Happy New Year! I’m late I know, that’s not unusual for me though. I celebrated with the two oldest of my threefold last night, ‘E’, #1’s boyfriend joined us and so did #2’s friend, ex, somebody. It’s complicated. We had a good time. We played radio roulette, ate finger foods, did year end ultimate positives and negatives, and danced. It was fun. We watched the countdown and then we all went to our corners of the house to sleep.

This morning, noon rather, I awoke and expected some sort of relief that the year before was complete. I expected to be full of inspiration and energy. I wasn’t. I was annoyed. I laid thinking of all I had to be grateful for and still I was irritated.

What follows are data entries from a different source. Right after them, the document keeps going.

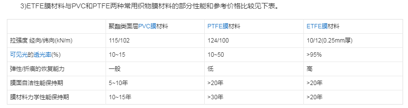 ETFE、PVC和PTEF織物膜材料的部分性能比較
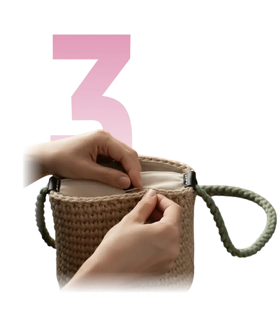L’ultimo passaggio è la mia firma. Controllo ogni dettaglio, rifino i bordi, aggiungiendo elementi unici e mi assciuro che la borsa sia pronta a conquistare il mondo con te.
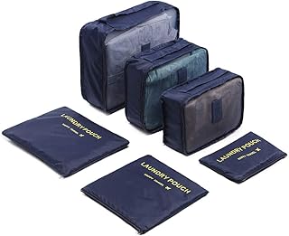 Organiseurs de Bagage 6 PCS Voyage Essentiel Sacs-dans-Sac Cubes d'emballage Durable Voyage Organiseurs De Bagages Valise Sacs De Rangement Sacs À Compression (Marine)
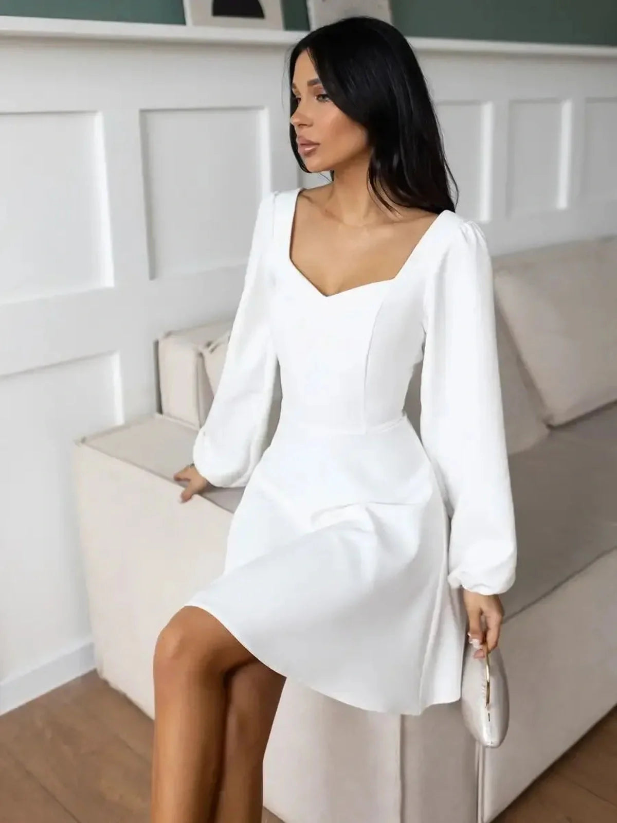 Perfect for women seeking a white mini dress for weddings, parties, or formal occasions.
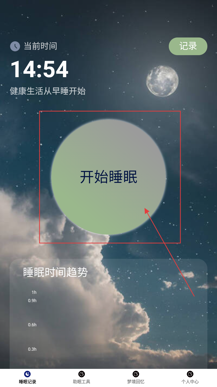 1、在睡眠记录页,点击【开始睡眠】,启动睡眠计时,记录睡眠时段。
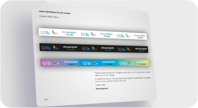Road to BHM Banner for LED screens Example: 2240 x 128 px These are examples that can be adapted according to your IF’s needs and combined together with the IF message. To receive the electronic files, a request must be made to the IWGA office indicating the dimensions (in pixels) and justification for use. Please contact [email protected] Page 11

I did my normal go outside and wake up in the peace and quiet. Think positive thoughts and wipe the funk out of my eyes. Manifest a great day. No avail.

I checked Facebook and saw the post that I had made a few days ago was getting lots of reactions and shares. Even that didn’t help my growing irritability, the headache I was developing, the tension in my shoulders and neck, or my anxiety. I couldn’t find the root cause. Why was I so edgy?

I did my best to keep to myself as I always do when my mood goes haywire. ‘E’ has been sick so as he slept the day away I worked on my content so I would have some fresh stuff to post this week. I was trying to be productive. Then my head couldn’t take the screen or the light. #1 needed a birthday gift for a party she was attending but with this headache I wasn’t going anywhere. I put her in an Uber and sent her and her boyfriend on their way. After that, I went to bed and tried to sleep away my headache and irritation.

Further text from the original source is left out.